Using Embeddings for Downstream Tasks

Now that we have generated embeddings for our documents (congressional bills in this example), let's explore how these embeddings can be utilized for various tasks.

Embeddings offer a powerful tool for document search. Instead of simply matching keywords, they allow us to retrieve documents based on their semantic similarity, meaning documents with similar meanings will be closer in the embedding space.

Introduction to using embeddings for document retrieval

Traditional document search often relies on keyword matching, which can be limited. For instance, a search for "tax breaks for businesses" might miss relevant documents that don't contain those exact keywords but discuss similar concepts.

Embeddings capture the semantic meaning of text, enabling us to find documents that convey similar ideas even if they use different words.
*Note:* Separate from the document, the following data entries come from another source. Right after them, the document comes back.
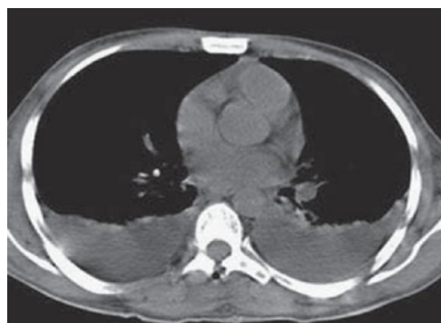
Figure 1: Axial section of a CT of the thorax showing bilateral pleural effusion.

Acute leukaemias rarely present with or are accompanied by pleural fluid involvement. Possible causes of pleural effusion include extramedullary proliferation of a quiescent leukaemic clone with metastasis to the bone marrow, infections, other solid tumours, and complication of chemotherapy [7]. In our case, resistant or progressive disease might be the possible aetiology. In some patients, the pleural effusion responds to treatment, whereas the resistant or the relapsing patients may necessitate a pleurodesis [8,9]. However, according to the literature, presence of pleural effusion may be a poor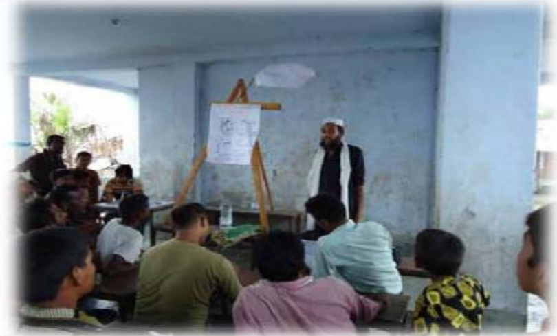
Figure: Religious leader is informing the local community regarding customary rules of resource collection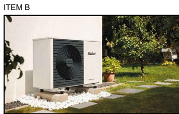
AIR SOURCE HEAT PUMP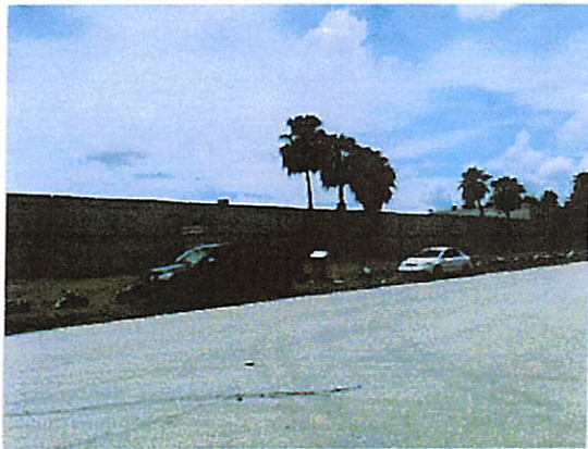
North elevation, east building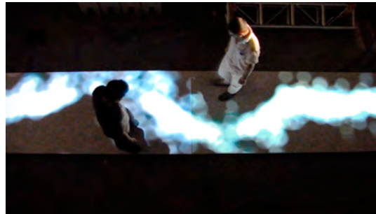
figure 2. The Wind Tunnel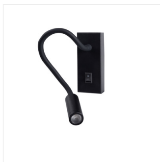
TONIL LED B

This leads to more relevant and nuanced search results.

Code example for finding similar documents based on embedding similarity:

Here's some Python code demonstrating how to find similar documents in our df_bills DataFrame based on a user query:

def cosine_similarity(a, b):
  """
  This function calculates the cosine similarity between two embedding vectors.
  """
  return np.dot(a, b) / (np.linalg.norm(a) * np.linalg.norm(b))

def get_embedding(text, model="text-embedding-ada-002"):
  """
  This function retrieves the embedding for a given text using the specified model.
  """
  # Code to call Azure OpenAI API for embedding generation

def search_docs(df, user_query, top_n=4, to_print=True):
  """
  This function searches for documents in the DataFrame based on user query similarity.
  """
  # 1. Get the embedding for the user query
  embedding = get_embedding(user_query)

  # 2. Calculate cosine similarity between the query embedding and each document embedding
  df["similarities"] = df.ada_v2.apply(lambda x: cosine_similarity(x, embedding))
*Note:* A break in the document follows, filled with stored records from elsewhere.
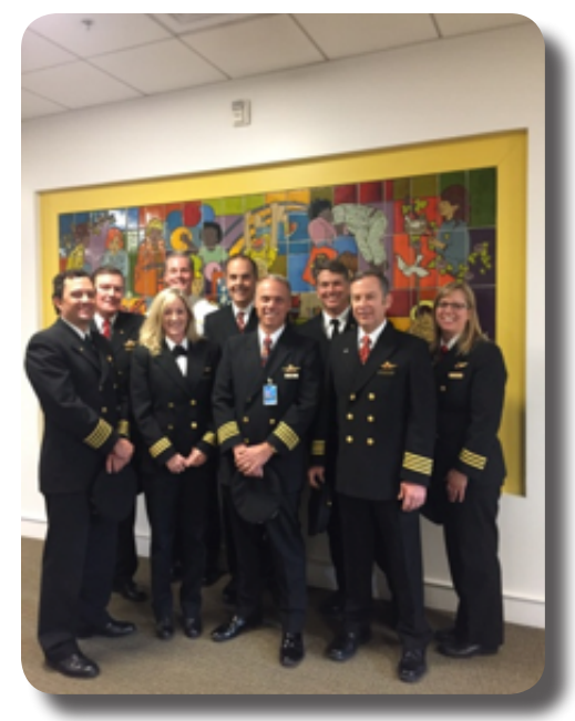
Left, SLC PFK volunteers again visited The Children's Center to spread holiday cheer. Look for another event in September from this group!

Close to 40 pilot volunteers helped make this season brighter for nearly 200 hospitalized children!!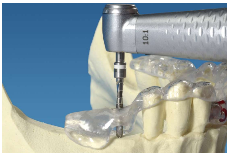
Figure 1. Orientation template fixed on the mandibular model. The pilot cavity in the region of tooth 45 was performed with a 2.0 mm pilot drill.

manufactured. Next, an X-ray splint was produced by thermoforming using a plastic sheet (Erkodur 1.5 mm; Erkodent GmbH, Pfalzgrafenweiler, Germany) fused to a refFIX™ disk containing three titanium pins of 2 mm diameter (RefPin, IVS Solution AG, Chemnitz, Germany). A cone-beam computed tomography (CBCT, Accuitomo, J. Morita Corporation, Osaka, Japan) was performed with the X-ray splint fixed onto the mandible model. The following parameters were applied: tube voltage, 60.0 kV; current, 3 mA; exposure time, 17.5 s; gantry angle, 0.0°; field of view, 80 × 80 × 80 mm; and voxel size, 0.160 mm. The obtained data was transferred into Digital Imaging and Communications in Medicine (DICOM) files and imported to the three-dimensional planning software, coDiagnostiX™ (Dental Wings, Chemnitz, Germany). The implants were then positioned according to clinical guidelines considering the bone height, bone width, distance, and angulation of the adjacent teeth and, in the premolar region, the distance to the mental foramen. Based on the data, five surgical orientation templates containing a sleeve for the pilot drill each in the region of tooth 41 and tooth 45 were manufactured using the gonyX® device (Institute Straumann AG, Basel, Switzerland). The sleeves (3D Diagnostix Incorporation, Boston, MA, USA) had an inner diameter of 2.0 mm and an outer diameter of 3.0 mm, and were 4.0 mm in length. The mandibular model with the fixed orientation template is shown in Figure 1.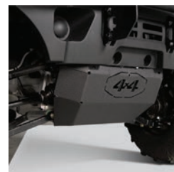
Front Skid Plate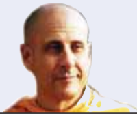
RADHANATH SWAMI MAHARAJ

Understanding and managing stress effectively is essential for a healthier life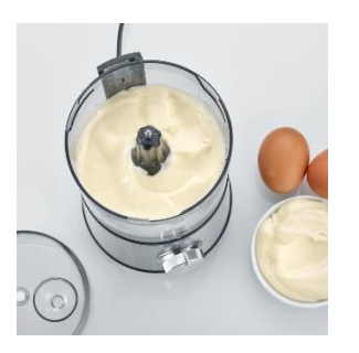
Innovative multi-whisking disk for making mayonnaise, whipped cream, egg white and much more.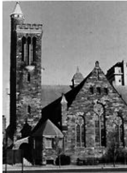
18. Second Presbyterian.

  # 3. Sort documents by similarity in descending order and return the top 'top_n' results
  res = df.sort_values("similarities", ascending=False).head(top_n)

  if to_print:
    print(res)

  return res

# Example usage: Find documents similar to the query "Can I get information on cable company tax revenue?"
user_query = "Can I get information on cable company tax revenue?"
res = search_docs(df_bills, user_query, top_n=4)
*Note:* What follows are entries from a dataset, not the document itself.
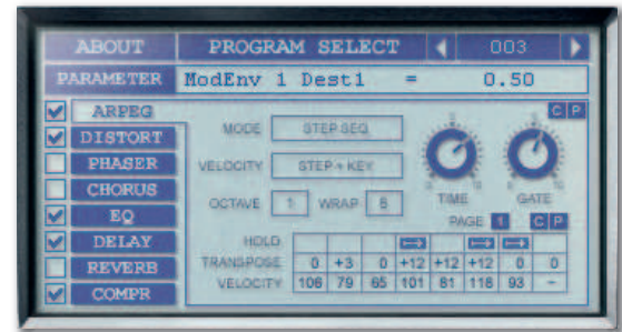
▲The faux LCD display in the centre of the GUI houses the effects settings

The step sequencer makes up for the inability to import MIDI files as arpeggiator patterns, while a bunch of more traditional arpeggiator modes are available too, if you prefer.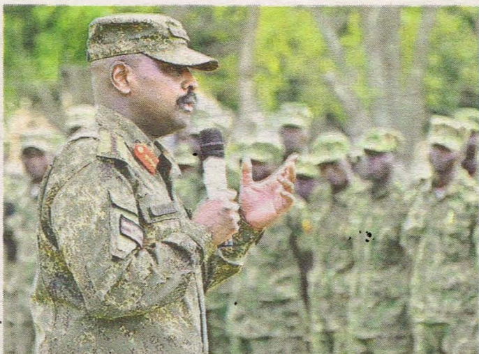
Gen. Muhoozi Kainerugaba talking to UPDF troops in Gulu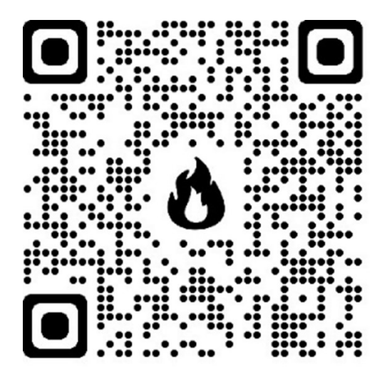
Figure 2 – QR-code of supplementary information and virtual availability of the comic book. Londrina, Paraná, Brazil, 2021

In the third stage, 38 participants were approached, of which two were illiterate, three refused to participate, one was unable to complete the VFT due to mental confusion and two presented procedures at the time of collection, then were transferred to the Intensive Care Unit (ICU), making participation impossible. Thus, the sample consisted of 30 participants, being 21 patients and nine companions.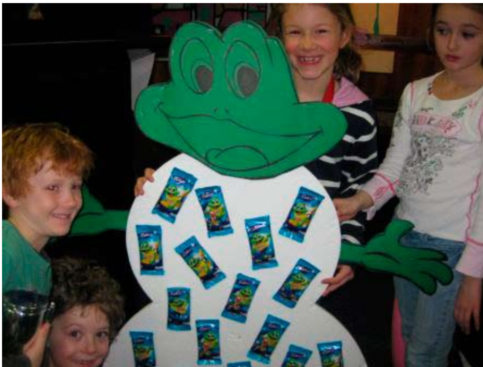
Freddo puts a smile on some little faces!

This code defines functions for calculating cosine similarity and retrieving document embeddings. The search_docs function takes a user query, searches for similar documents in the DataFrame based on embedding similarity, and returns the top results.

Other Potential Applications:

Embeddings have a wide range of applications beyond document search. Here are a few examples:

Text Classification: Embeddings classify text documents into predefined categories, such as sentiment analysis (positive or negative reviews) or topic modeling (identifying themes in a corpus).
Chatbots: Chatbots can leverage embeddings to understand the intent behind user queries and respond with more relevant and informative answers.
Machine Translation: Machine translation models can benefit from embeddings to capture the semantic meaning of text and generate more accurate and natural translations.

Conclusion

By now, you've gained a solid understanding of how to generate embeddings with Azure OpenAI. These embeddings bridge human language and machine comprehension, empowering AI applications to process and analyze text data. Azure OpenAI provides a user-friendly platform to generate embeddings for your specific needs. With its robust infrastructure and pre-trained models, Azure OpenAI streamlines the process, allowing you to focus on extracting valuable insights from your text data.